The accuracy of OCR depends on the quality of images and the capabilities of OCR engines in processing different font types, languages, and such. This is particularly true for older books with ancient and pale fonts. Obtaining accuracy close to 100 percent usually requires some level of manual correction. Human intervention in large-scale efforts is minimal, so OCR files do not typically go through a quality control process to identify errors. Some experts believe that the 98-99 percent accuracy achieved by automated OCR is good enough to meet indexing and discovery needs. Other scholars, such as Jean-Claude Guedon, have expressed concern that centuries of progress toward increasingly accurate and high-quality printing could be reversed owing to lack of OCR quality control and high standards for LSDIs.⁶⁶

3.3 Technical Infrastructure

Numerous factors put digital data at risk. Many technologies disappear as product lines are replaced, and backward compatibility is not always guaranteed. The vulnerable elements of the technical infrastructure for digital image collections include the following:

storage media: at risk for mishandling, improper storage, data corruption, physical damage, or obsolescence
file formats and compression schemes: at risk for obsolescence
various application, Internet protocol, and standard dependencies: at risk for impact of updates and revisions on dependent processes and operations

The sidebar at left lists some of the technical procedures involved in preserving digital content. The curatorial strategies listed are being addressed in various library forums. Digital preservation infrastructure relies on a robust computing and networking infrastructure and a scalable storage strategy. This section primarily addresses storage issues, which pose a major challenge for data management and storage architectures because of the sheer amount of data presented by LSDIs.
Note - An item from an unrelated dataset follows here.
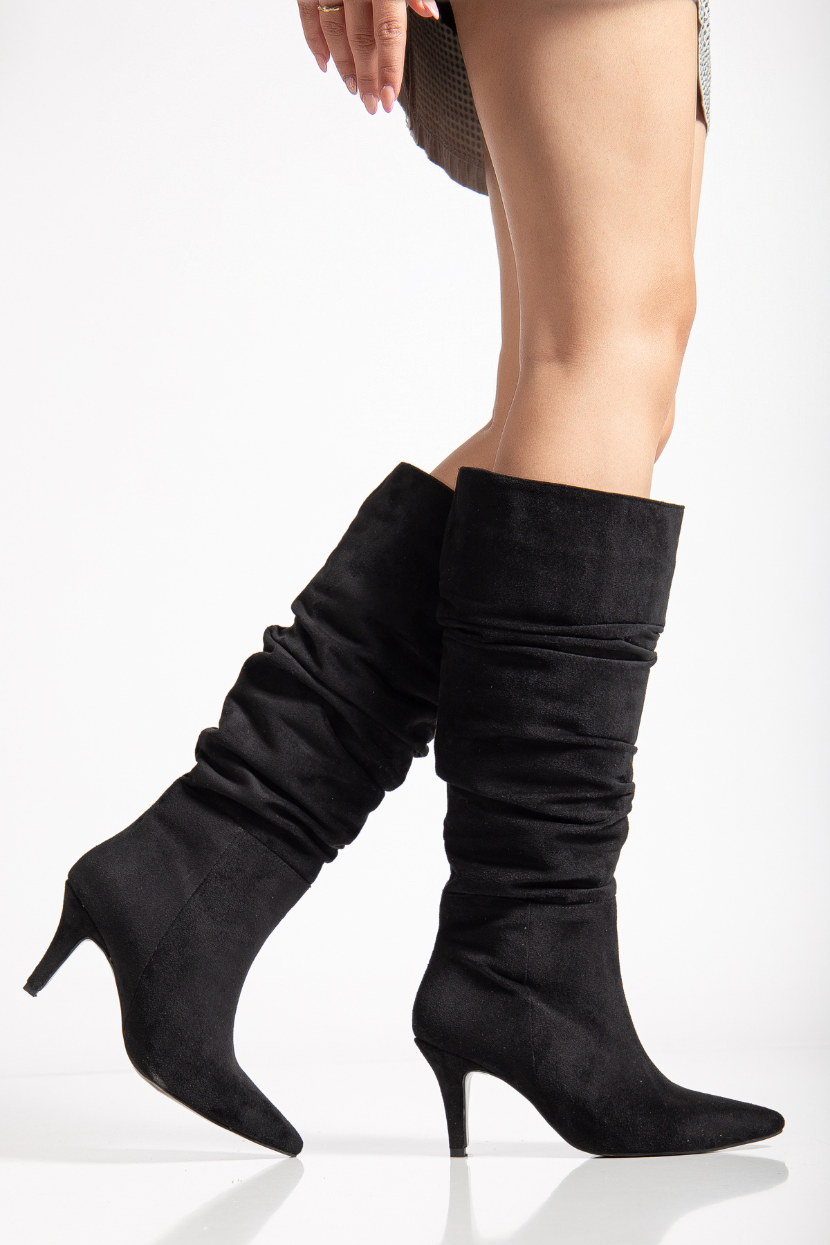 - Zarif tasarımıyla dikkat çeken bu kadın çizme, sivri burunlu ve ince topuklu yapısıyla şıklığınızı tamamlar.

E-science data initiatives have introduced libraries to the challenges associated with large-scale database storage and retrieval.⁶⁷ Nonetheless, many participating libraries still have limited experience in data management. An extensive review by the British Library revealed that storage technologies continue to evolve and that data-storage vendors are coming up with new standards and solutions.⁶⁸ This trend requires the development of solutions that can accommodate expanding content and emerging storage technologies. The findings of the recent Getty Research Institute survey also pointed out the need to rethink infrastructure and storage models.⁶⁹

According to the Getty international survey of digital preservation systems, 66 percent of the 316 institutions surveyed had less than 10 terabytes (Tb) of data, and their storage costs ranged from $400 to $15,000 per Tb. The wide range reflects the lack of common metrics in projecting and reporting such expenses. With the exception of two sites that store video, Digital Library Federation (DLF) members representing many LSDIs that responded to the survey reported storing data in the range of 2–20 Tb. Cornell University Library’s copy of each digital book created through the Cornell-Microsoft partnership is approximately 700 megabytes (Mb). Based on this per-book estimate, Cornell anticipates having to store approximately 60 Tb of digital content, representing nearly 100,000 volumes, during the first year of the initiative. By comparison, Cornell accumulated only 5 Tb of content through 15 years of digital imaging activities.

Currently there is neither a metric nor a methodology for estimating resources required for storage. Moreover, storage expenses depend on local information technology (IT) and repository infrastructures and configuration, making generalizations difficult. As libraries acquire more and more digital content, it will be important to understand the current and projected costs of storage.⁷⁰ While the storage hardware costs can be obtained from vendors, there is little detailed information on the operational costs associated with storage. Factors that influence overall costs include quantity of data, server configuration, storage media, storage-management software, projected data-storage needs, data-access time, data-transfer rate, access services supported, and redundancy and backup protocols. Life Cycle Information for E-Literature (LIFE), a JISC-funded joint venture, developed a methodology to calculate the long-term costs and future requirements of preserving digital assets.⁷¹ Project staff found that it costs £19 (about US$38) to store and preserve an e-monograph in Year 1; by the tenth year, the total life cycle cost is £30 (US$51). These costs include acquisition, ingest, basic metadata, access, storage, and preservation, but do not include creation. It is important to be cautious about generalizing the LIFE estimates as they are based on a small file of approximately 1.6 Mb using specific workflow and process, as compared with the estimated 700 Mb per digital book created through the Cornell-Microsoft partnership.

An assessment by the National Archives of Sweden revealed that storage media represent only 5 percent to 10 percent of total storage expenses; the bulk of costs are associated with hardware, software, support, maintenance, and administration.⁷² Some libraries, such as Cornell University Library, pay their home institutions for bandwidth consumed (network usage-based billing), adding yet another storage-cost element. The bandwidth charge for transferring a digital book online from Victor, New York (Kirtas), to Cornell is about 95 cents.⁷³ Scaling this estimate to 100,000 books results in an anticipated additional project cost of nearly $95,000.⁷⁴

Storage requirements need to be assessed from an information life cycle management perspective to ensure a sustainable storage strategy that balances costs, data management strategies, preservation priorities, and changing use patterns. The life cycle approach requires more complex criteria for storage management than do automated storage procedures, such as in hierarchical storage management.⁷⁵ There is also an increasing emphasis on the virtue of distributed preservation services, such as replicating content at different locations.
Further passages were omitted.